I am not familiar with that style, but I do like your example. It is very clean, as you say. Nice work.


----------



## har134 (Oct 4, 2013)

Gumby said:


> I am not familiar with that style, but I do like your example. It is very clean, as you say. Nice work.



Thanks. You can check it out here: http://en.wikipedia.org/wiki/Ligne_claire


----------



## vangoghsear (Oct 7, 2013)

Not a bad effort.  Watch out for haystacked lines.  The style tries to avoid giving added weight to any particular line, and haystacking (the process of starting a line and stopping it next to another instead of drawing a steady single line) appears as a shading hatch.  I see a bit that comes off as haystacking such as the far inner elbow of the guy in green, or his neckline above his near arm for instance.  Still not bad.  Post some more.

We had to do a similar style in a drawing class I took.  Continuous lines, contours created simply by which lines overlap (which you have done rather well in your example), no shading in those works, and no variation in line weight or darkness.  It was an interesting exercise in precise drawing.


----------



## har134 (Oct 7, 2013)

vangoghsear said:


> Not a bad effort.  Watch out for haystacked lines.  The style tries to avoid giving added weight to any particular line, and haystacking (the process of starting a line and stopping it next to another instead of drawing a steady single line) appears as a shading hatch.  I see a bit that comes off as haystacking such as the far inner elbow of the guy in green, or his neckline above his near arm for instance.  Still not bad.  Post some more.
> 
> We had to do a similar style in a drawing class I took.  Continuous lines, contours created simply by which lines overlap (which you have done rather well in your example), no shading in those works, and no variation in line weight or darkness.  It was an interesting exercise in precise drawing.



Thanks.
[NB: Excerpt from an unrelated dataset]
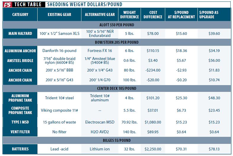Speed doesn’t matter to you? Even so, an overweight boat does not handle her best either, around the marina or in rough weather. And for every pound you save, thats another pint of your favorite brew or a favorite book you can bring without guilt. How far you take all of this depends on your priorities. Think of it as a maintenance diet for your sailing life.
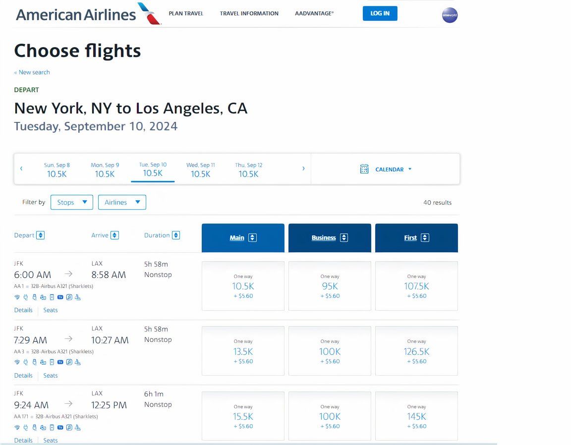Betrachten Sie als Beispiel eine Meileneinlösung bei American Airlines AAdvantage. Wie in den Bildern unten gezeigt, ergibt eine einfache Suche nach einem einfachen Flug zwischen New York JFK und Los Angeles LAX etwa drei Monate im Voraus die folgenden Tarife:

I do plan on posting more drawings.


----------



## har134 (Oct 10, 2013)

deleted


----------



## Gumby (Oct 10, 2013)

Nice.   On a personal level, I don't think you need the partial clouds that show peeking out from under his arm and on the side of the speech bubble. They kind of distract, to me.


----------



## har134 (Oct 10, 2013)

Gumby said:


> Nice.   On a personal level, I don't think you need the partial clouds that show peeking out from under his arm and on the side of the speech bubble. They kind of distract, to me.


Thanks. Yes, the speech was placed after the whole background was drawn. Probably I should have made the bubble cover the whole cloud.


----------



## har134 (Oct 17, 2013)

deleted


----------



## har134 (Oct 24, 2013)

deleted


----------



## TheLamprey (Oct 25, 2013)

Very interesting, I'm intrigued. Please, make more.
Good use of lines and all in all it looks fantastic


----------



## har134 (Oct 26, 2013)

TheLamprey said:


> Very interesting, I'm intrigued. Please, make more.
> Good use of lines and all in all it looks fantastic



Thanks.


----------